Я позвонил Ноа и объявил ей:
– Жить вместе – да! Ближе к Иерусалиму – да! Но не за Мевасеретом.
– А, да, есть еще кое-что, – сказал хозяин квартиры, перед тем как мы намеревались подписать договор, и Ноа подумала, что он собирается говорить с ними о налоге на недвижимость или еще о чем-то подобном. – Соседи… – Он немного понизил голос и указал на ближайший дом. – Их сын погиб в Ливане на этой неделе. Так что если вы хотите поставить музыку, то уж пусть будет, так сказать, что-нибудь спокойное.
– Понятно, – сказал Амир, – вам не о чем беспокоиться, мы ни в коем случае не создадим им никаких проблем.

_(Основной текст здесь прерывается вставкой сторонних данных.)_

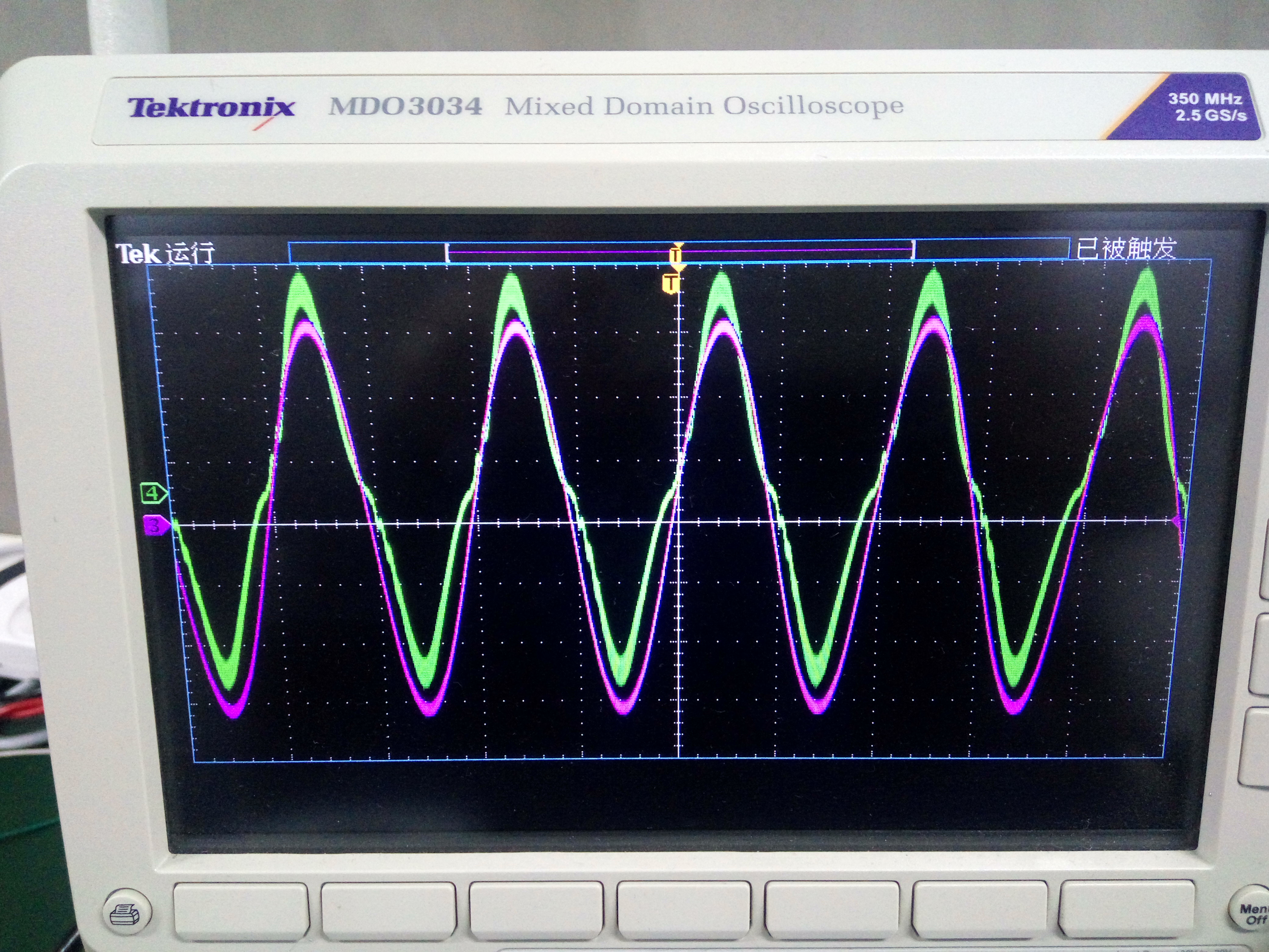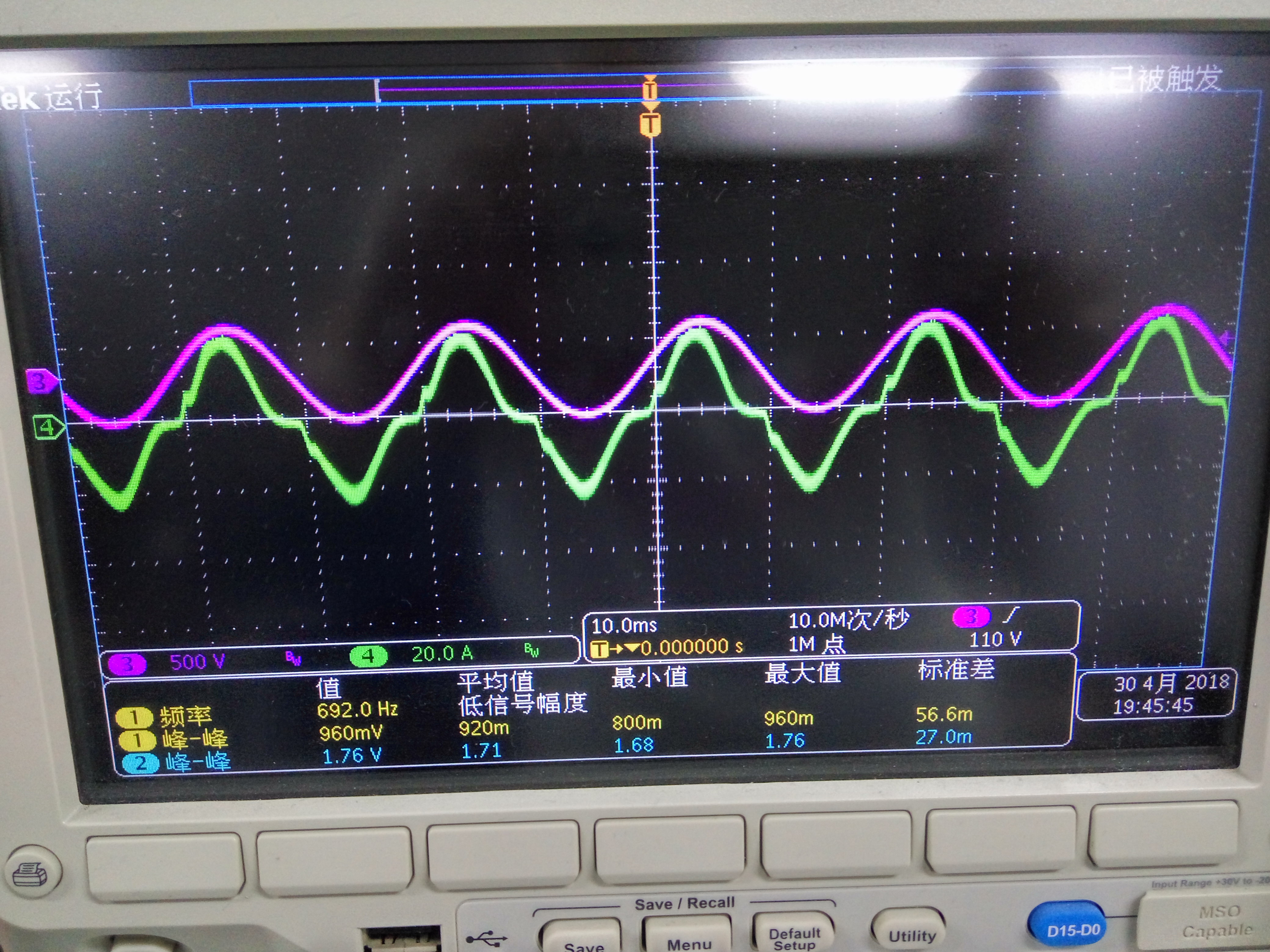 参考例程BLPFC,做了一个基于F28035的4000W的无桥PFC。输入电流波形,很严重的一个台阶,而且还有些不对称,输入电流稍微超前。

– И кроме того, господин Закиян, – добавила Ноа, – вы нас еще не знаете, но мы пара тихая. Очень.
В конце концов я заплакал, но совсем не потому, что все подумали, вот, мой старший брат Гиди погиб, хотя я его очень люблю, у меня в горле драло, оно огнем горело после того, как солдаты пришли среди ночи, направились к маме, и она стала кричать, а потому, что вдруг мне все надоело, в один миг, поскольку никто не обращает на меня внимания. Все началось с того, что я порезал палец, когда готовил салат людям, пришедшим скорбеть с нами, из-за лука, который делает туман в глазах, не видно, где палец, а где нож. Потекла кровь и заполнила пространство между ногтем и кончиком подушечки, меня мама учила, что именно так называют эту часть пальца, а папа, который ничего не делает, только возится со своей трубкой и молчит вместе с дядей Менаше, сказал:
– Ты не видишь, я занят, Йотам, и что ты из этого делаешь целую историю, всего лишь маленькая ранка, и куда подевался пластырь, ступай к маме, спроси, где пластырь.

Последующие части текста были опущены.